§ **Instructions for the task**
In the data below, find the line that contains "Трикотажная пряжа KOTELIFE, 100%" and the line that contains "Modèle de courrier". Copy both, plus every line between them, exactly.

§ **Source material**

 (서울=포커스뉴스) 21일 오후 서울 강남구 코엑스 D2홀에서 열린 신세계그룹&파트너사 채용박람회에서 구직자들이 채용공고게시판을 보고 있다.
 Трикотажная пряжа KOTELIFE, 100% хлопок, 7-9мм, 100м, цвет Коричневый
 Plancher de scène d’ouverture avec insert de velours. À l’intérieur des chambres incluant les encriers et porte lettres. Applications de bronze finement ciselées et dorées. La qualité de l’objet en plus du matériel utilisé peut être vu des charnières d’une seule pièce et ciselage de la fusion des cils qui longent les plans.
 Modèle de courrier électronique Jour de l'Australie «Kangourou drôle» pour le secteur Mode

...

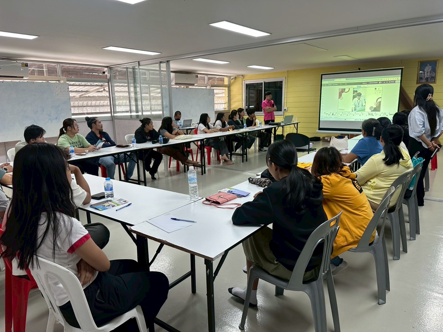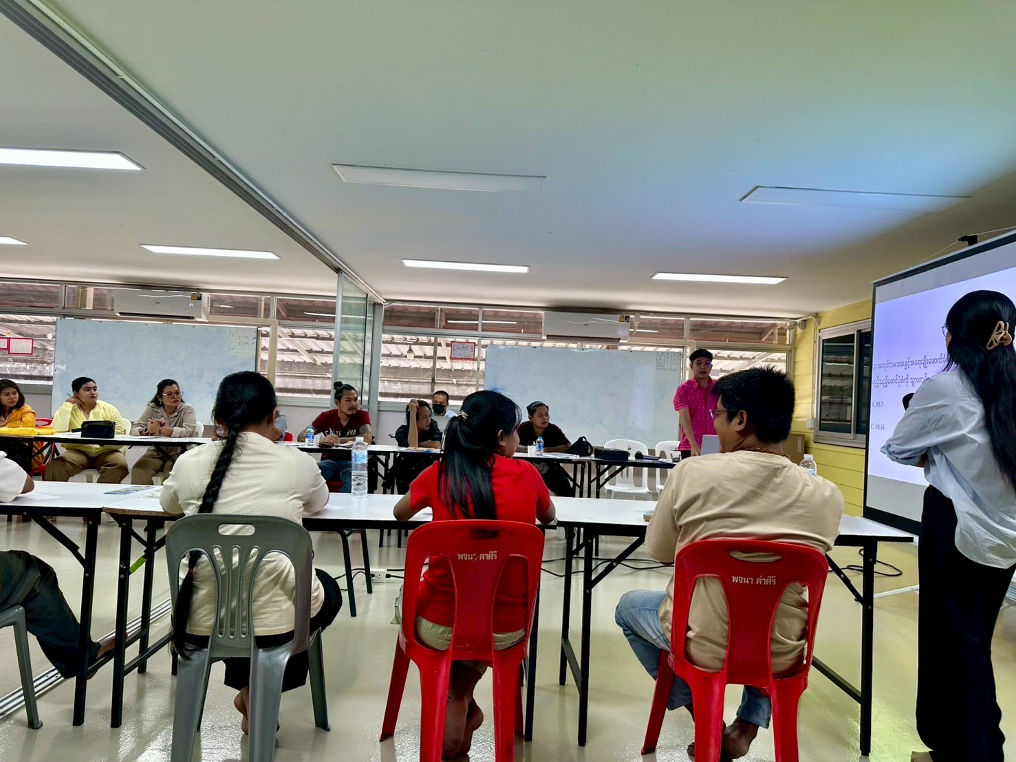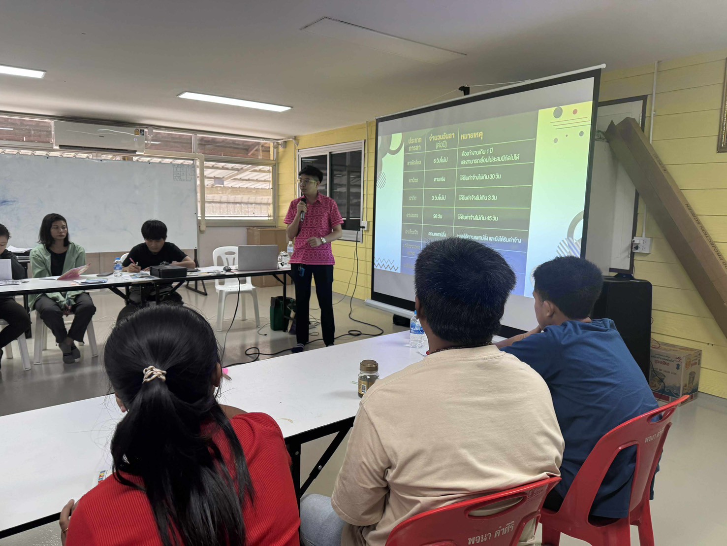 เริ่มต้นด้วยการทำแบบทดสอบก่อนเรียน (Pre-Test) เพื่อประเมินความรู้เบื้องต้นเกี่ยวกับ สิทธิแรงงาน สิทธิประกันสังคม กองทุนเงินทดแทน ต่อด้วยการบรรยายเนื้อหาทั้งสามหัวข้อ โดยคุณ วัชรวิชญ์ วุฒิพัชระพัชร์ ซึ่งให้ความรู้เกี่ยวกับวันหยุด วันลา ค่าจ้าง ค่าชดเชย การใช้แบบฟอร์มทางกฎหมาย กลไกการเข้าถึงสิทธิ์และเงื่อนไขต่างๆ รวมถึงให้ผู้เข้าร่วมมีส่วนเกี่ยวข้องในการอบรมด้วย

§ **Task response**
 Трикотажная пряжа KOTELIFE, 100% хлопок, 7-9мм, 100м, цвет Коричневый
 Plancher de scène d’ouverture avec insert de velours. À l’intérieur des chambres incluant les encriers et porte lettres. Applications de bronze finement ciselées et dorées. La qualité de l’objet en plus du matériel utilisé peut être vu des charnières d’une seule pièce et ciselage de la fusion des cils qui longent les plans.
 Modèle de courrier électronique Jour de l'Australie «Kangourou drôle» pour le secteur Mode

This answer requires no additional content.